━━ Materials provided

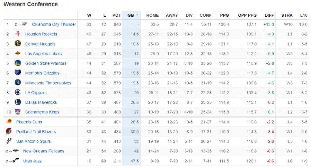 西部最新排名:雷霆、火箭、掘金、湖人、勇士、灰熊、森林狼、快船、獨行俠、國王、太陽、開拓者、馬刺、鵜鶘、爵士。
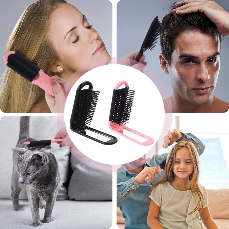 Travel Compact Hair Brush with Mirror and Massage Comb - 2 PCS Folding Comb, Mini Brush for Purse, Wet Hair Brush for Women and Men
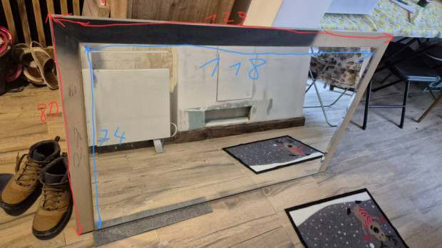 Sprzedam lustro na płycie meblowej (do oklejenia lub pomalowania). Widoczne ślady użytkowania, drobne rysy itp.
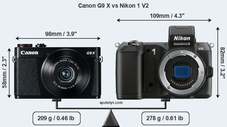 The physical size and weight of the Canon G9 X and the Nikon 1 V2 are illustrated in the side-by-side display below. The two cameras are presented according to their relative size. Three successive views from the front, the top, and the rear are shown. All width, height and depth measures are rounded to the nearest millimeter.
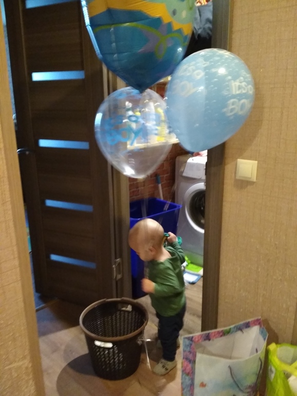 заказала шарики с Али экспресса..Очень ими осталась довольна,потерялась посылка с единичкой надувной,ну сами виноваты,вовремя не спохватились,но и без нее было замечательно.Ещё не успел прийти заказ с фото,опоздал буквально на два часа,но мы уже уехали,ждать не стали,т.к. точного времени никто нам не обещал..Мы с мужем,а точнее в основном муж,смонтировал видео за первый год жизни Влада ,получилось на час с лишним,наложили веселую музыку,смотрели с удовольствием и сами!!Если захотите такое повторить,не делайте моих ошибок,снимайте видео горизонтально (иначе потом при вертикальных видео треть экрана будет черной))).. какие-то видео забыл добавить,не проконтролировала,но все равно было очень здорово.А так,ели ,пили,веселились!!!Влад бегал ,радовался шарикам, очень они ему понравились,носил везде с собой их)Испекли ему простой пирог маленький с яблоками и без сахара,дедушка пек,точный рецепт не знаю,но могу спросить,если кому надо)В общем веселился,танцевал...Но конечно взрослые у нас очень активные,не дали ребенку второй раз поспать,а я упустила,его увели,я думала спать,а нет играть...В общем считаю тут надо быть настороже...уснул в целом нормально.Ну и немного фоточек как обычно.
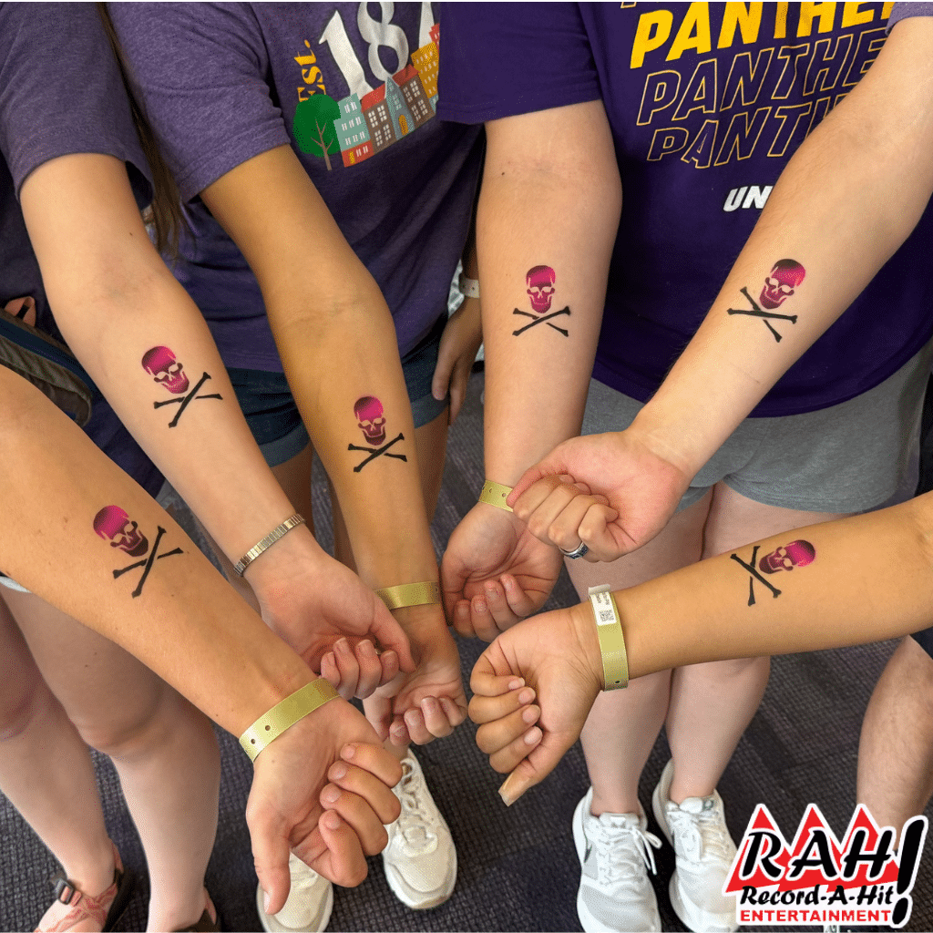 Airbrush Tattoos Artist is a fantastic option that can be enjoyed by anyone. Our Airbrush Tattoo Artist use multiple colors of washable body paint, an airbrush, and a huge selection of tattoo designs and stencils that guests can choose from. Custom stencils are available at an additional cost. Tattoos can be placed on a person’s hand, neck, arm, shoulder or leg. The airbrush tattoos are temporary and will last for a couple of days. They can be washed off with soap and warm water.
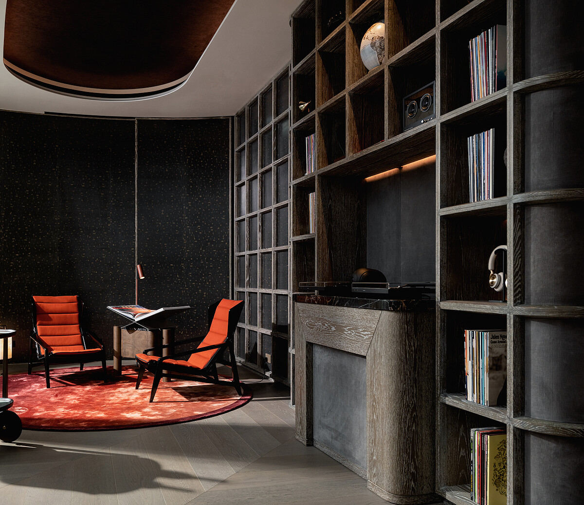 三月一天的午後,莫文蔚、CL 和劉青雲,三人驚喜同台,只為愛彼之家揭幕。走入室內,首先迎接眾人的是,在波浪形的岩牆前登場的圓形鐘錶展廊;其後是位居 AP House 中央位置的「雅竹吧檯」,向上攀升至天花的綠意裝飾,在自然光線下更顯鬱蔥;視線再從左前方舒展開來,開闊落地玻璃讓都市街景和海港景色一覽無遺。吧檯右後的一道隱門是CL最愛的隱藏酒吧入口,「這裏有很棒的唱片音樂收藏!」另外,點綴粼粼玻璃吊燈的用餐區、重現品牌發源地瑞士家鄉汝拉山谷 Le Brassus 的大自然主題包廂,無不展現品牌與音樂、當代藝術、科技和美食文化的密切連結。
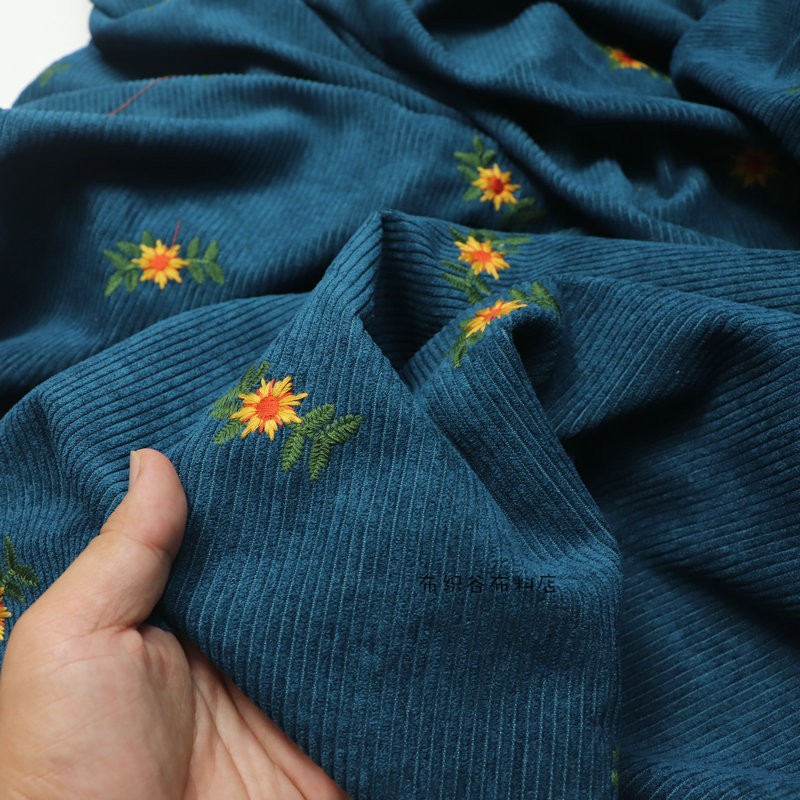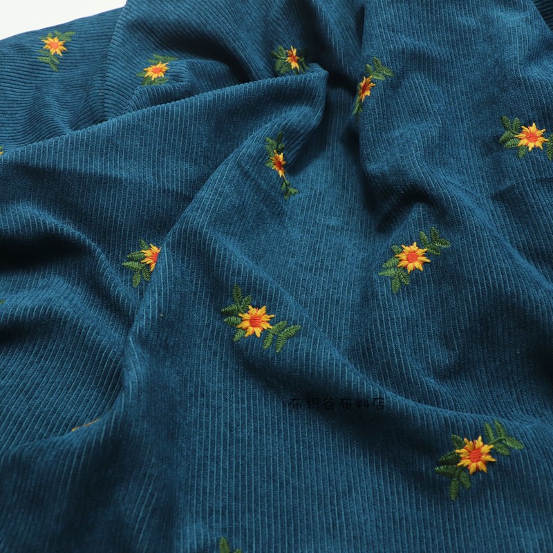 石英蓝刺绣花涤纶灯芯绒服装布料
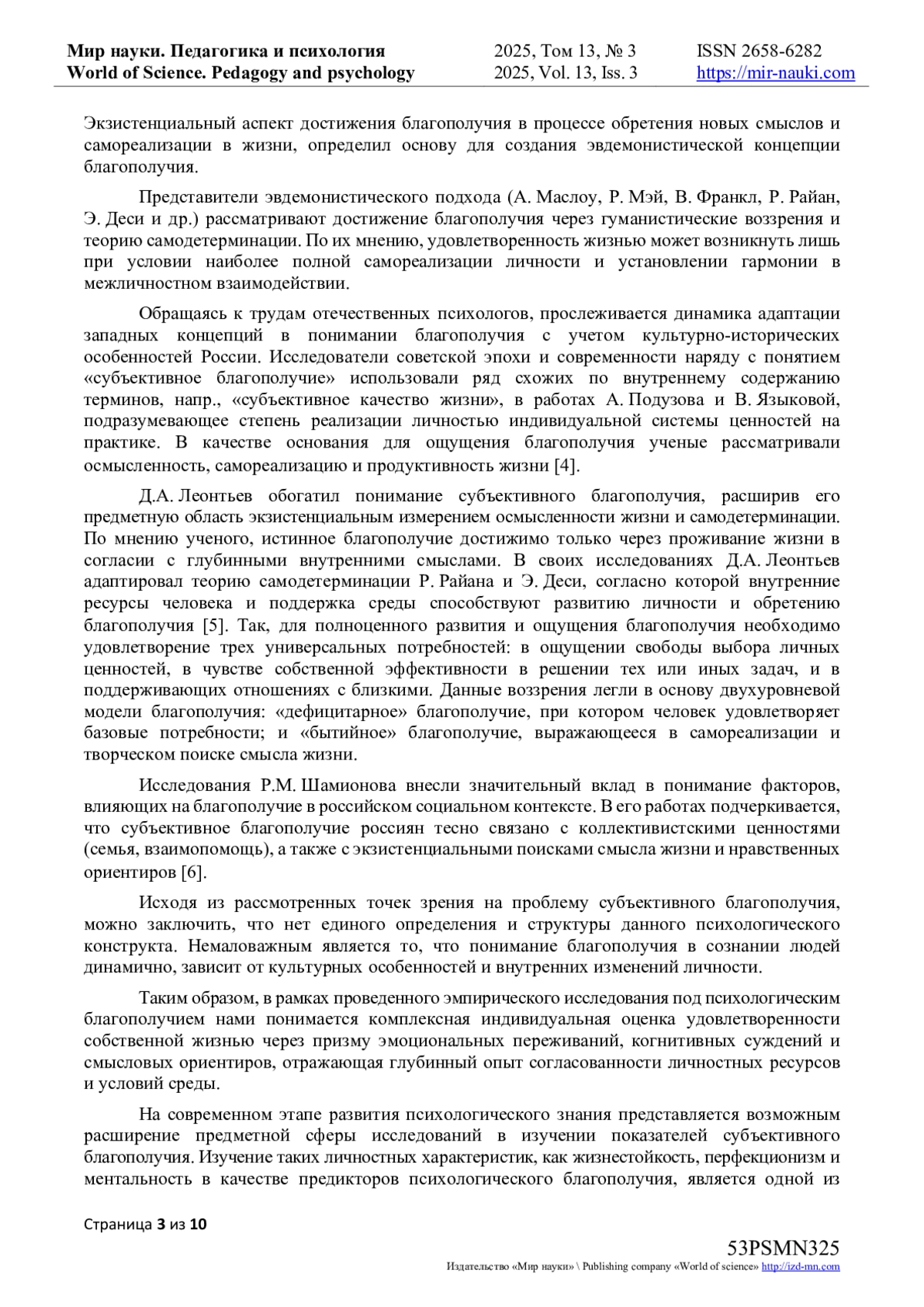 6. Шамионов Р.М. Психология субъективного благополучия [Текст] / Р.М. Шамионов // Вопросы социальной психологии личности. - 2003. - № 4. - С. 27-41.
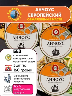 Анчоусы в масле обжаренные, в банке, рыбные консервы 160гХ3
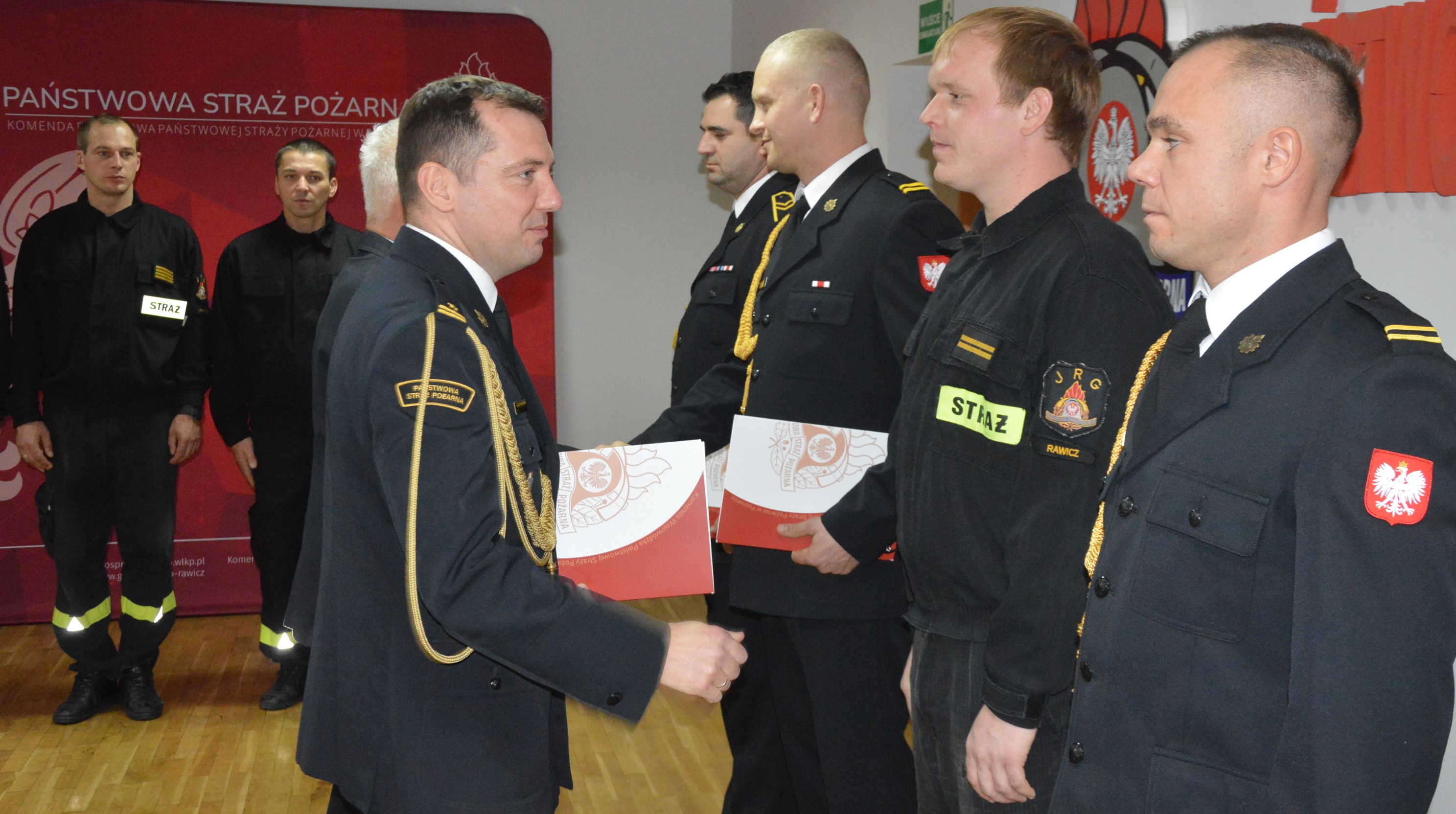 Ponadto Wielkopolski Komendant Wojewódzki PSP wyróżnił nagrodami pieniężnymi : mł. kpt. Romana Sidora (dowódca JRG) i mł.asp. Rafała Spychalskiego (st.inspektor sztab. w wydziale ds. operacyjno-szkoleniowych, informatyki łączności), a Komendant Powiatowy PSP w Rawiczu przyznał nagrodę jubileuszową za 35 lat pracy zawodowej Pani Żanecie Dzikowskiej, głównemu księgowemu komendy
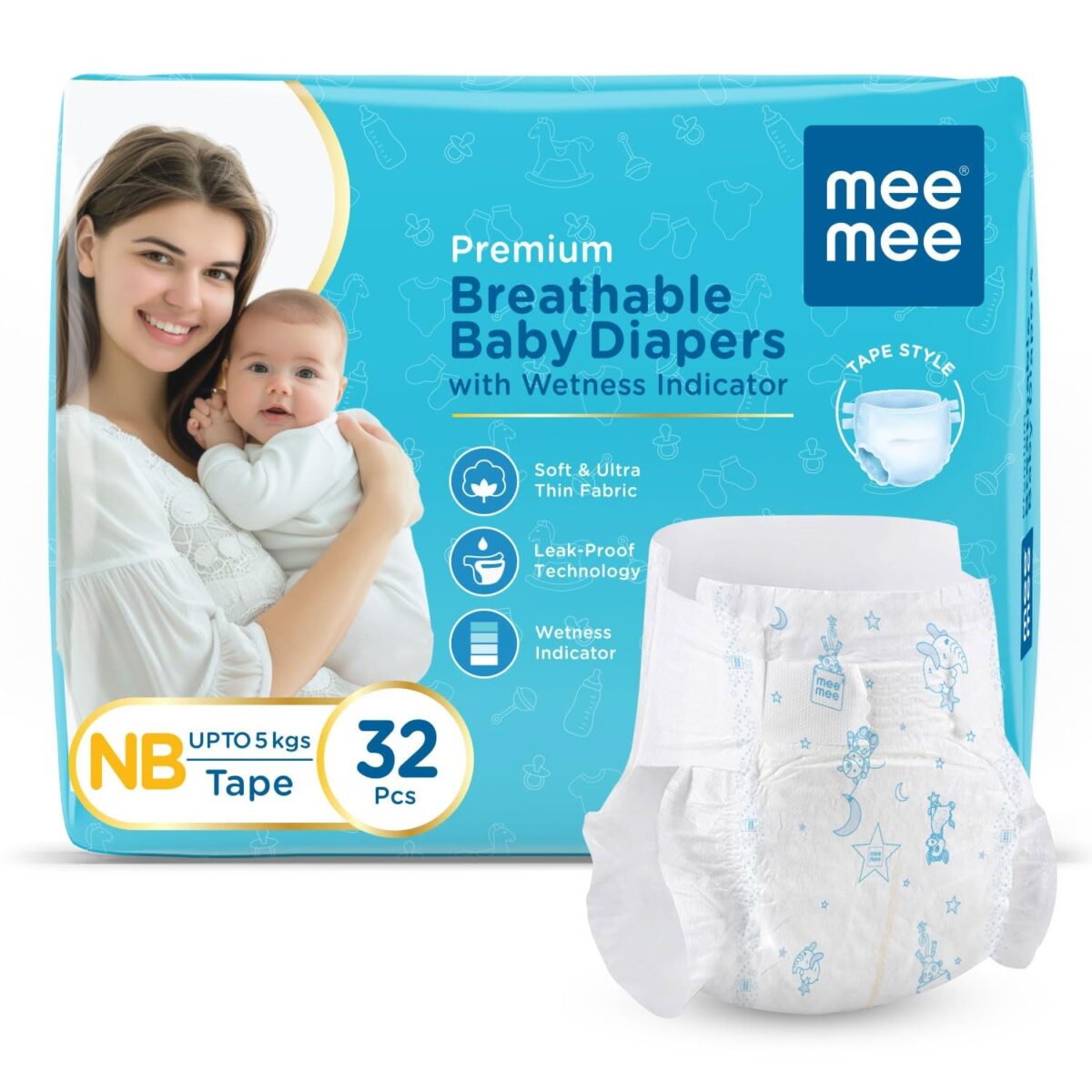 Mee Mee Premium Breathable Baby Diapers | (NB) Size Baby Taped Diapers | 32 PIECES | Skin Friendly, Super Absorbent, Cotton Soft with Wetness Indicator (Newborn, 32 PIECES) – Fast Shipping to USA & Canada
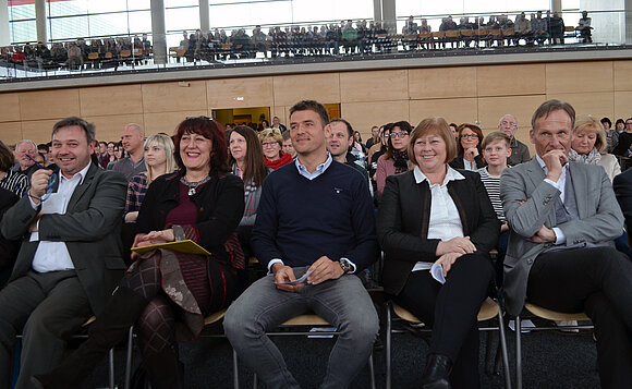 Anmerkung:Landtagspräsidentin Gabriele Brakebusch (4.v.l.) flankiert von sportlichen Größen: Handball-Nationaltrainer Christian Prokop und Hans-Joachim Watzke, Geschäftsführer des Fußball-Bundesligisten Borussia Dortmund. Foto: LpB
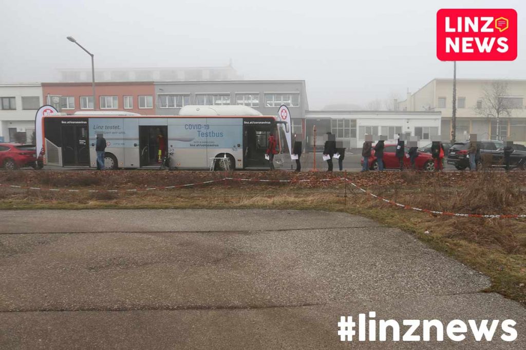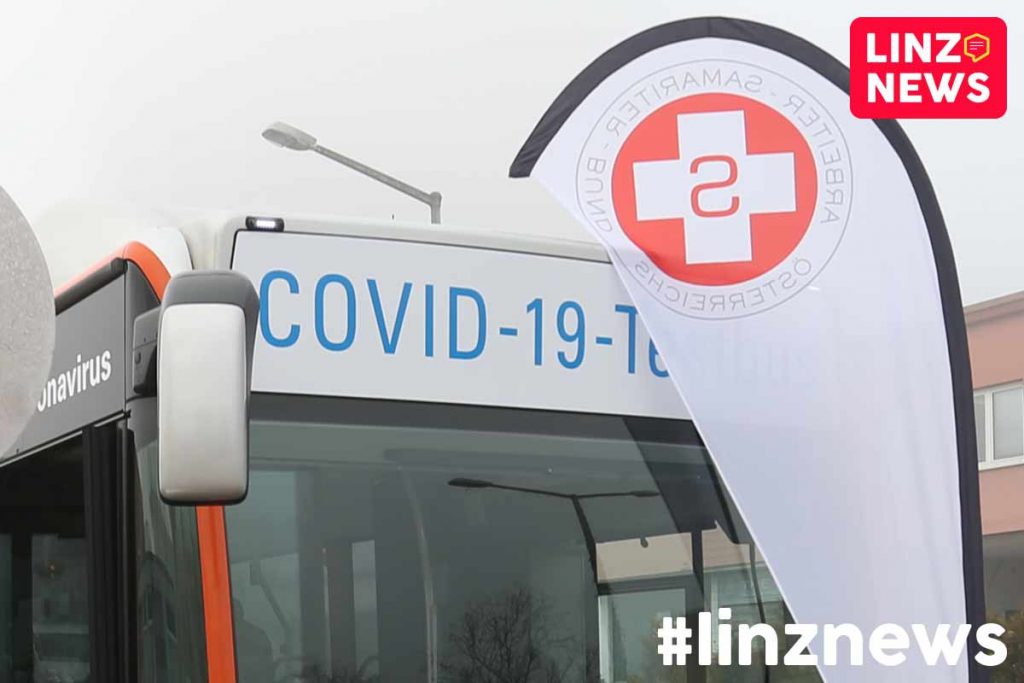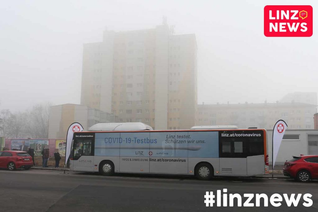 Der eigentlich schon für den Verkauf ausgemusterte Bus wurde im Innenraum etwas umgebaut und tourt nun in seiner 2. Karriere als mobile Teststraße durch Linz.
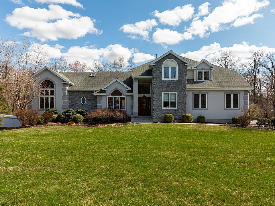 Beautiful contemporary colonial situated on a cul-de-sac in an excellent commuter location. Set on a 2.5 acre flat lot with an in-ground pool and access to a 1 acre bass-filled pond. First floor offers a dramatic foyer, office, powder room, kitchen with gas cooking, family room with a fireplace, living room, formal dining room, and a great room with kitchenette, full bath, and loft. Perfect for in-laws, guests, or au-pair suite. Second floor features a master bedroom suite with a balcony and three spacious bedrooms with a separate full bath. Freshly painted and new light fixtures throughout. Finished walk-out basement with gym equipment leads to the attractive backyard with two decks, spacious patio, pergola, and L-shaped pool. Other highlights include TWO 2-car garages with car lift, a full house generator, and new gas furnace. Close to shopping, schools, and highways. An excellent home to entertain or to raise a family.
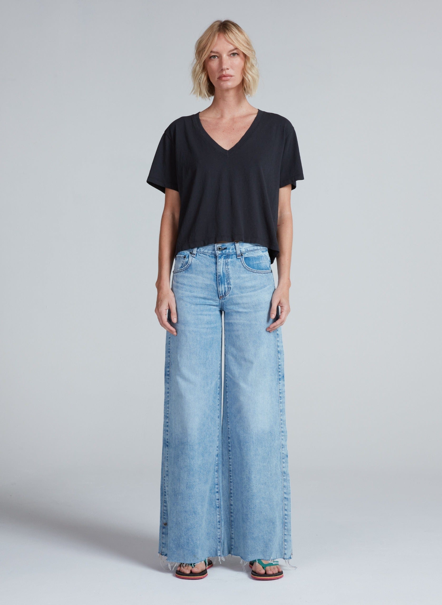 The Shrunken V is a relaxed, cropped tee with a soft v-neck and easy drape. Derived from the Shrunken Boy Tee, this style maintains the same broken-in feel and effortless silhouette while offering a more open neckline for a laid-back, refined look. Made from lightweight American knit cotton, it's an everyday tee that pairs seamlessly with denim, trousers, or layered looks.

━━━━

Task statement: From the records above, output only the lines starting at the one containing "Anmerkung:Landtagspräsidentin Gabriele Brakebusch" and ending at the one containing "Der eigentlich schon", word for word. Pictures stay out.

Output for this task:
 Anmerkung:Landtagspräsidentin Gabriele Brakebusch (4.v.l.) flankiert von sportlichen Größen: Handball-Nationaltrainer Christian Prokop und Hans-Joachim Watzke, Geschäftsführer des Fußball-Bundesligisten Borussia Dortmund. Foto: LpB
 Der eigentlich schon für den Verkauf ausgemusterte Bus wurde im Innenraum etwas umgebaut und tourt nun in seiner 2. Karriere als mobile Teststraße durch Linz.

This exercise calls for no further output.